A sobranceria e os passos em falso do PS

Costa é um dos dirigentes mais bem cotados no clube europeu de um centro-esquerda em crise de identidade, programa e liderança. Mas os seus passos em falso podem rapidamente trocar-lhe as voltas.

Quando a mais velha democracia parlamentar do mundo conspira compulsivamente contra si própria até ao ponto de se definir pela negação de todas as alternativas ao seu dispor – como tem acontecido com as sucessivas votações/rejeições no parlamento britânico a propósito das portas de saída para o “Brexit –, não nos deveríamos espantar sobre uma comum apetência suicidária que democracias menos antigas e sólidas vêm manifestando nestes tempos de desorientação em que vivemos. Ora, Portugal tornou-se um dos exemplos mais recentes dessa tendência, com a concentração obsessiva do debate político em torno das redes familiares em que o Governo socialista se deixou aprisionar, ameaçando mesmo tornar-se o tema central das próximas campanhas eleitorais.
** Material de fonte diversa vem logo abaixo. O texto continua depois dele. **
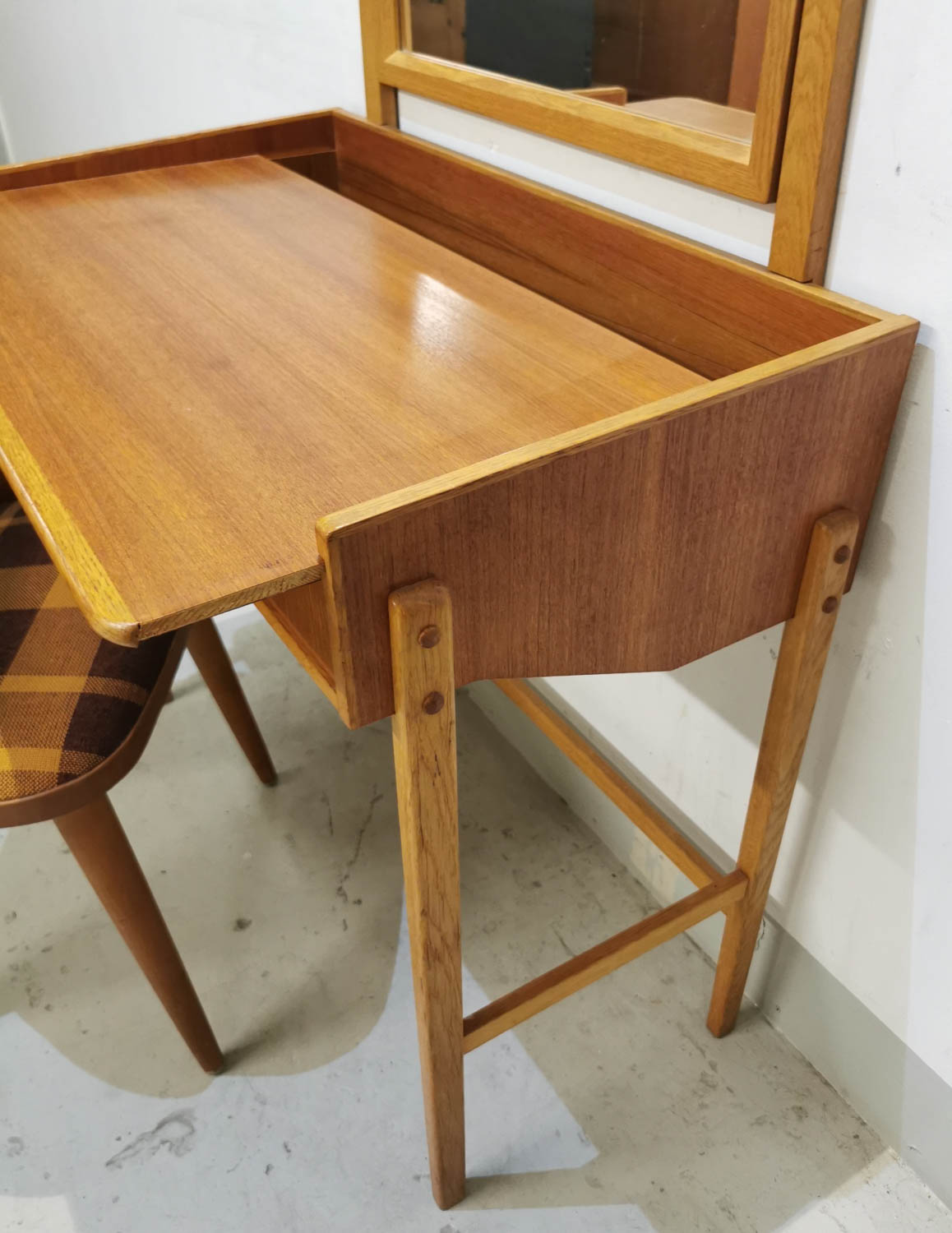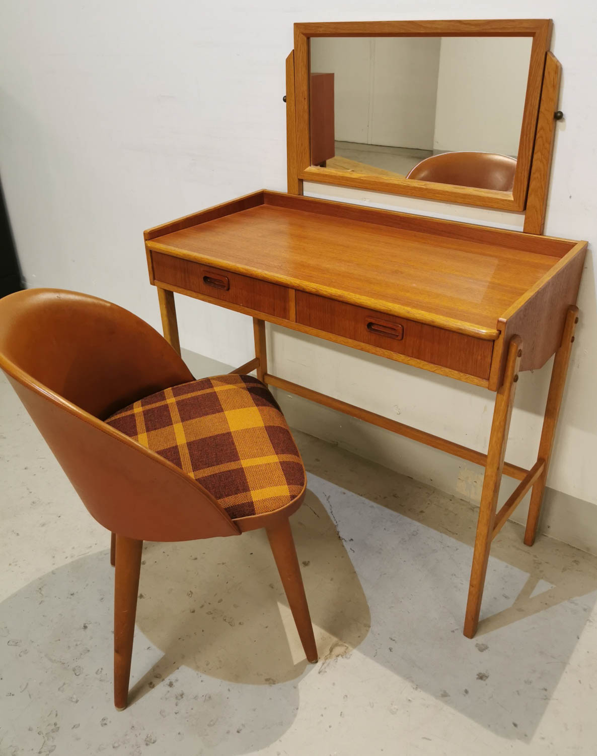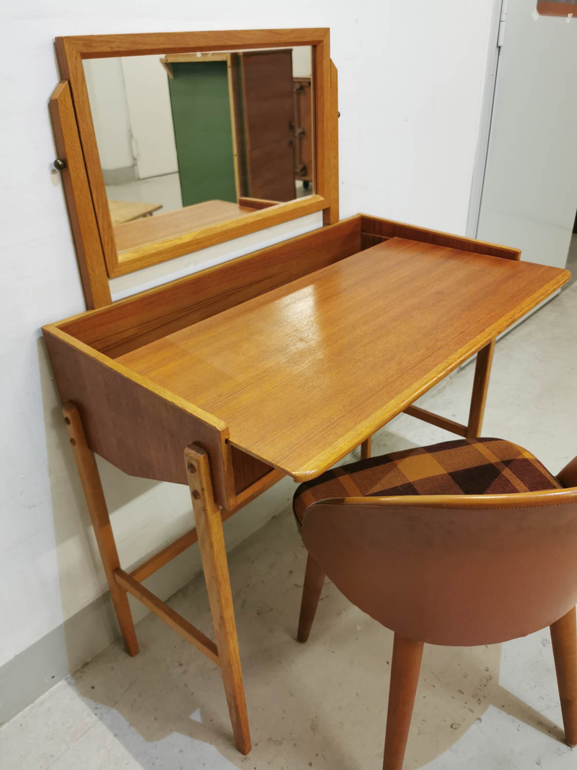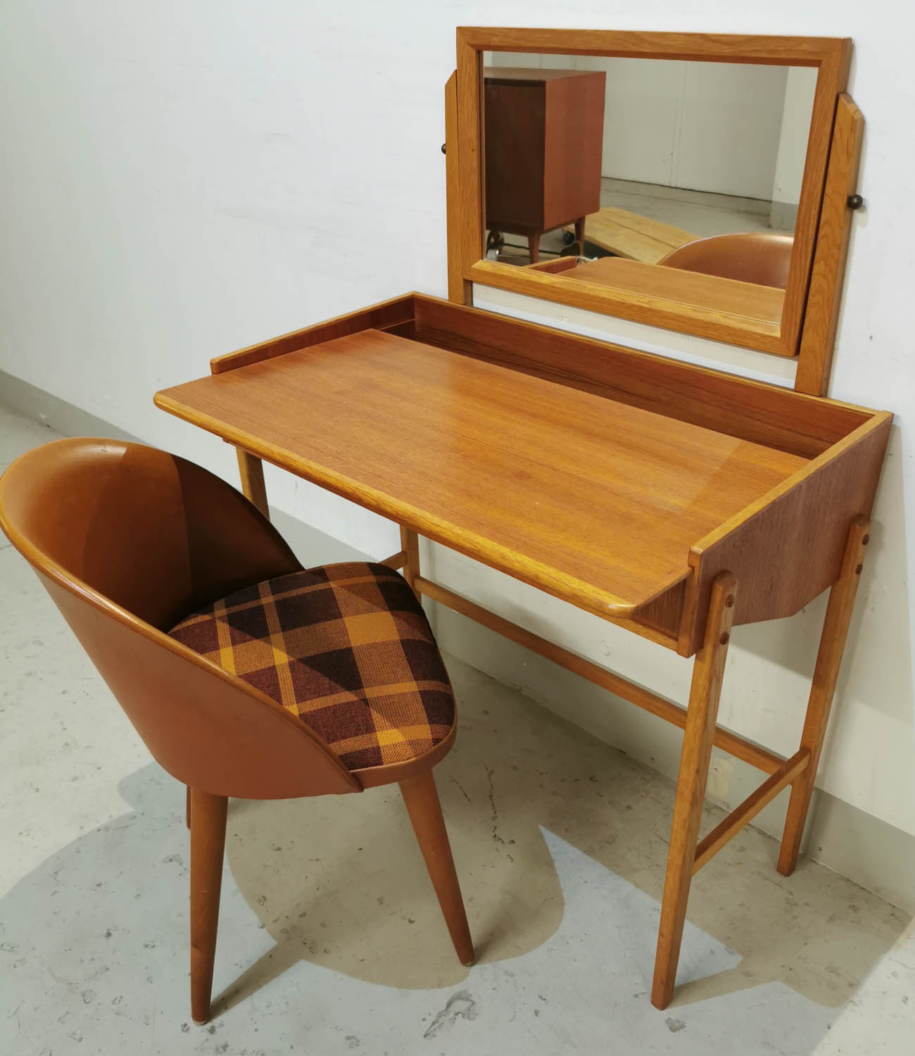 Kampauspöytä teak, kääntyvällä peilillä, 1950-60 -luvulta, ulosvedettävää työtaso, laatikoita 2 kpl, 82 x 41cm korkeus 68/110cm, tuoli myydään erikseen, katso osio tuolit

Como seria totalmente previsível, um punhado de comentadores vocacionados para a polémica doméstica chamaram um figo a esta oportunidade servida numa bandeja pelo PS e o seu Governo. Mas o que surpreende ainda mais (ou talvez não) é a facilidade quase patética com que os socialistas expõem os seus calcanhares de Aquiles, fazendo mesmo gala dessa exposição e encontrando para ela os argumentos mais abstrusos. Um deles é o de que o rufar de tambores contra o grau inédito das conexões familiares no actual Governo se destina a desviar as atenções do que vem sendo apresentado como a medida «revolucionária» por excelência do PS: os passes sociais para os transportes.

O problema com o PS – e porventura com os partidos portugueses – é o de que o seu autismo o leva a ser incapaz de um esforço de reflexão crítica sobre si mesmo, atribuindo a campanhas maldosas ou «teorias de conspiração» toda e qualquer discordância sobre o seu comportamento político. Não que essas campanhas não existam, obviamente. Mas elas existem também na medida em que o PS, refém do «umbiguismo» ou do cinismo desse comportamento, as favorece e até inconscientemente as promove, como se vivesse à margem do escrutínio democrático. Por mais detestável que seja a demagogia das «cruzadas” a que a direita (e não só) recorre para comprometer as ambições maioritárias a que aspira o PS, isso tem sido possível por obra e graça da ligeireza, da inconsciência e da cegueira persistente – dir-se-ia por vezes incurável – dos responsáveis socialistas.

A sobranceria de que usa e abusa o PS – ou, mais concretamente, António Costa – reflectiu-se, por exemplo, nos critérios que levaram à escolha de Pedro Marques como cabeça de lista às eleições europeias. Como já aqui lembrei e alguns comentadores também sublinharam, o ex-ministro da propaganda, que se destacou em sucessivos anúncios megalómanos vazios de conteúdo, foi preferido a Maria Manuel Leitão Marques, uma personalidade conhecida pelo seu trabalho consequente de modernização e simplificação administrativa do Estado. Além disso, Costa parece imaginar Pedro Marques como futuro comissário europeu responsável pelos fundos estruturais – esse tesouro mágico de que Portugal tanto depende para investimentos fundamentais na renovação do país. Não se tratará, porém, de um gritante erro de casting, tendo em conta o passado propagandístico de Marques e também o flagrante conflito de interesses a que ficaria exposto se quisesse beneficiar excessivamente Portugal através da sua pasta europeia?

António Costa parece apostado em colher os frutos da experiência da “geringonça” como um dos dirigentes socialistas hoje mais bem cotados no clube europeu de um centro-esquerda em crise de identidade, programa e liderança. Mas os seus passos em falso podem rapidamente trocar-lhe as voltas quando chegar o momento da verdade.